Legal & General has issued a challenge to stakeholder-friendly providers to match the transfer value...
Legal & General has issued a challenge to stakeholder-friendly providers to match the transfer value pound for pound when policyholders opt to switch to stakeholder.
Stakeholder pensions, scheduled to begin in April 2001, have a 1% total charging cap on the product.
However, pre-stakeholder schemes while boasting lower charges than traditional pension products, still have higher charges.
However, most groups offer free transfers to a stakeholder once they are launched.
When the PIA issued its regulatory update 64 last year it stated that a pension sold today, in light of stakeholder pensions, could not materially disadvantage the member. Legal & General's chose to guarantee transferability for all personal pensions sold since March 1999. It calculates the value of the pension against what it would have been if it had originally been a stakeholder scheme.
If the calculation shows the pension has cost the customer more than a stakeholder, it will refund the difference and transfer it, penalty free, to a stakeholder plan.
Adrian Boulding, pension strategy director at L&G, said: "The crucial test of stakeholder friendliness is the issue over material disadvantage on transfer. The key question is: will the amount available for transfer be the same as if the pension had been on stakeholder charges from the outset?"
Boulding said other pre-stakeholders that charge 1% or less are on par with the Legal & General scheme, using a different method, however, are not offering a guarantee.
Other providers are also allowing contributions as low as £20, the minimum regular investment allowed under stakeholder, while Legal & General draw a minimum £30.
Leslie Grey, Scottish Mutual's pensions development director, said its Universal scheme matched Legal & General's offer because it has a flat 1% annual management charge.
He said: "We describe its charging structure as stakeholder shaped and, on current interpretation, it would match any stakeholder scheme."
Margaret Craig, senior technical manager at Standard Life has avoided labelling its products stakeholder friendly, as it believes the titles could be misleading.
Standard Life is launching two pension plans in May which closely reflect the current interpretation of stakeholder rules.
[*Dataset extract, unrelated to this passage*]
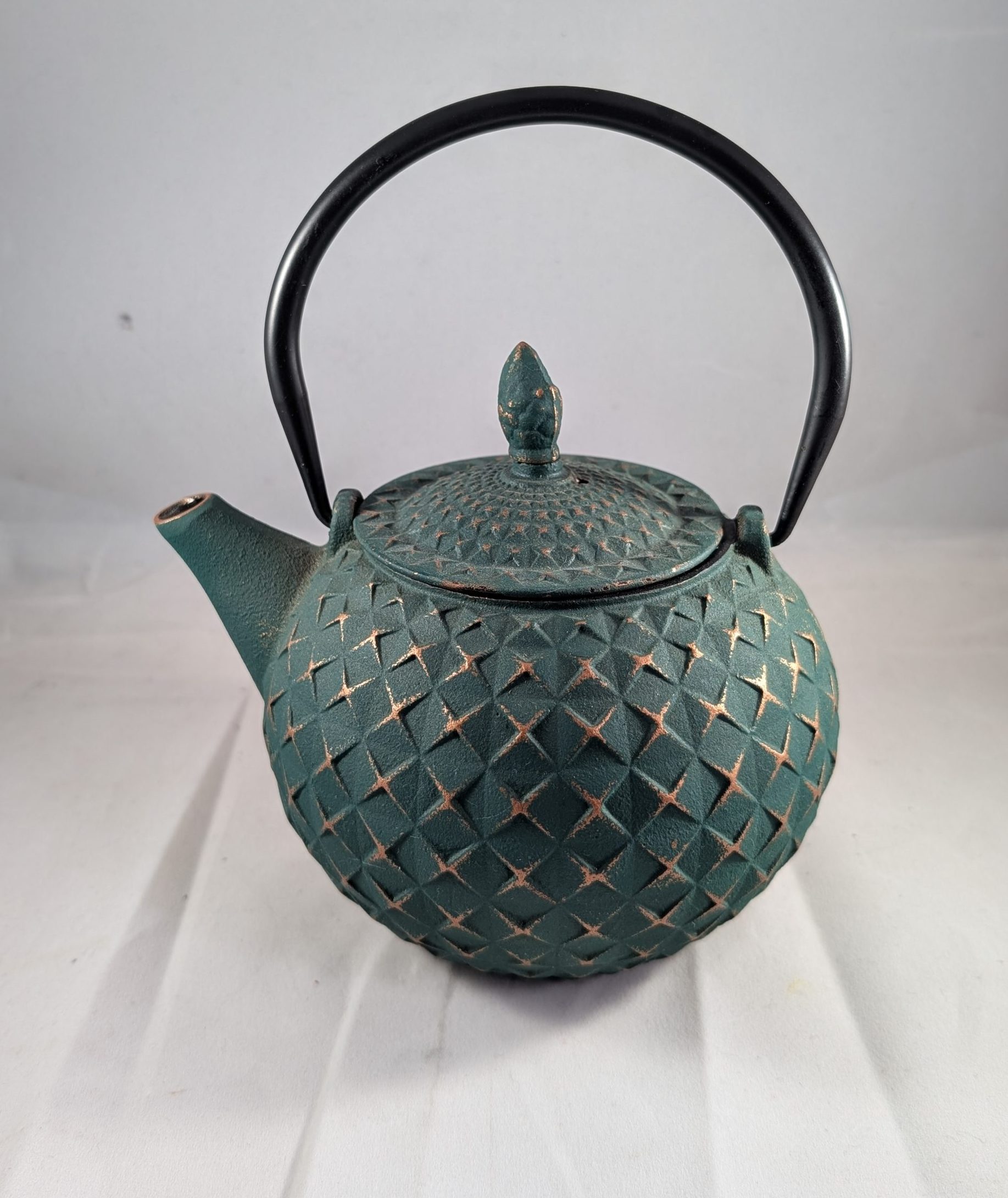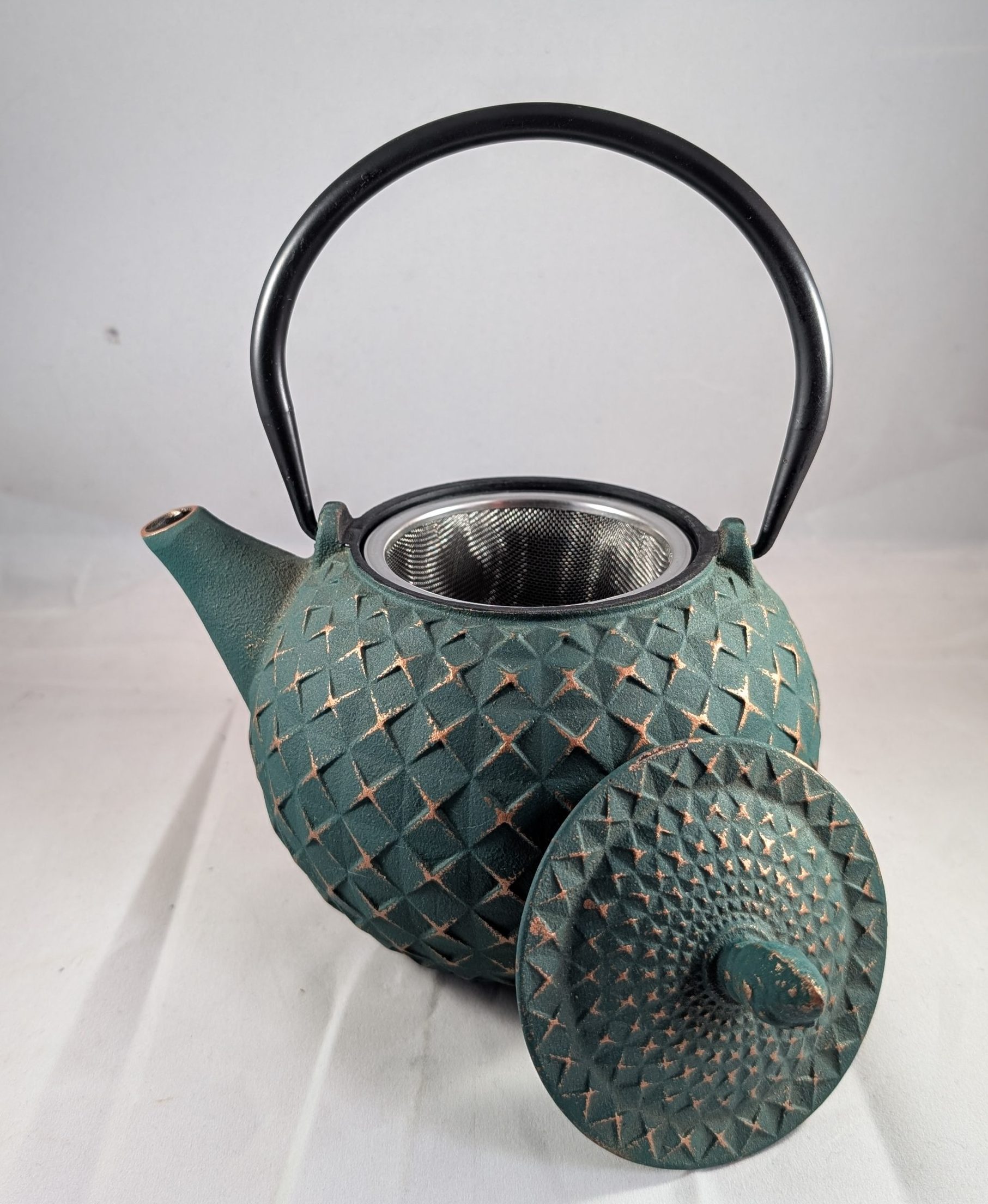 Dark blue cast iron teapot 900ml with removable infuser basket

The schemes will be called PP One and GPP One, reflecting its 1% charge.
Prudential is guaranteeing transfer values for all pension contracts issued since 1 January 1999 will have a transfer value of no less than the gross premiums paid if customers want to transfer to a stakeholder.
Scottish Amicable said its new Premier group personal pension will have a charging structure based on the key principles of current stakeholder legislation.